Abu Jihad’s death, just five years before the Oslo Accords, was witnessed by his wife and by his son, Jihad al-Wazir — the son with whom I’d had the brief and hopeful exchange in the Arafat suite. Abu Jihad’s son, now head of the Palestinian central bank, announced that the family would have no comment on the grisly details. Who can say with confidence that Israel has no partner for peace?

And then, of course, there’s President Mahmoud Abbas. In an interview on Israel’s Channel 2 on November 5, Abbas declared his dedication to the principle of two states within the 1967 borders, and although he didn’t relinquish the principle of the right of return, he did say that he was willing to make do with visiting Safed, the city of his birth, as a tourist. For this he has been vilified by Hamas and others.

Who can say that Israel has no partner for peace?

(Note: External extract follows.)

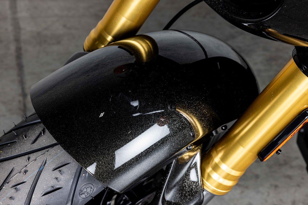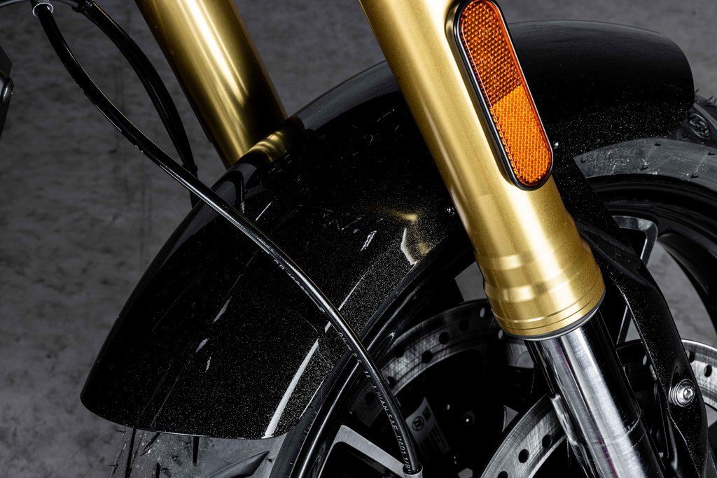 Up top, stylish gloss black 6-inch Moto Style Risers with Machine Highlights, Machined Triples and Moto Handlebars tie it all together, with custom appeal and purposeful ergonomics that fit its aggressive character.

That, sadly, is not a rhetorical question. Prime Minister Benjamin Netanyahu greeted Abbas’s interview with these words: “I can say that if Abu Mazen [Abbas’s alternate name] is really serious and intends to advance peace, as far as I am concerned, we can sit together immediately. Jerusalem and Ramallah are only seven minutes apart; I am ready to start negotiations today. I will take this opportunity to again call on President Abbas to return to the negotiating table without preconditions….”

No preconditions. This from a man who has declared repeatedly that Jerusalem, all of it, will eternally remain the undivided capital of Israel, a man who encourages its steady Judaization; the same man who has declared that Ariel will always be part of Israel, a man who comes to the table with a host of his own preconditions.

But didn’t this same man announce at Bar-Ilan University just three years ago that he favors a two-state solution to the conflict? He did. And then he proceeded to act — and still does — as if he’d never uttered those words, as if Israel will be content over the long term to sit and slowly whittle away the geographic conditions upon which a viable Palestinian state depends.

Who can honestly say that the Palestinians have a partner for peace?

Meretz was the only left-wing Zionist party to welcome Abbas’s comments, as did President Shimon Peres. They know, it seems, that Netanyahu’s calls for renewal of negotiations are meaningless, intended to preserve the fig leaf of Israel’s reasonableness rather than to articulate a serious policy. On November 6 Haaretz published an open letter from Israeli novelist David Grossman urging Netanyahu to move beyond vague assurances and begin talks with Abbas now.

The world is awash with problems and crises: the economy, climate change, Afghanistan, Pakistan and bloodletting in Syria, and the list goes depressingly on. It is doubtful that the United States will have the stomach for yet another try at brokering an Israel/Palestine peace, in light of the rest of its urgent agenda, the ongoing upheavals in the Arab world and of Netanyahu’s intransigence.

So the partners. And the parties themselves? Don’t hold your breath; see, instead, to your breaking heart.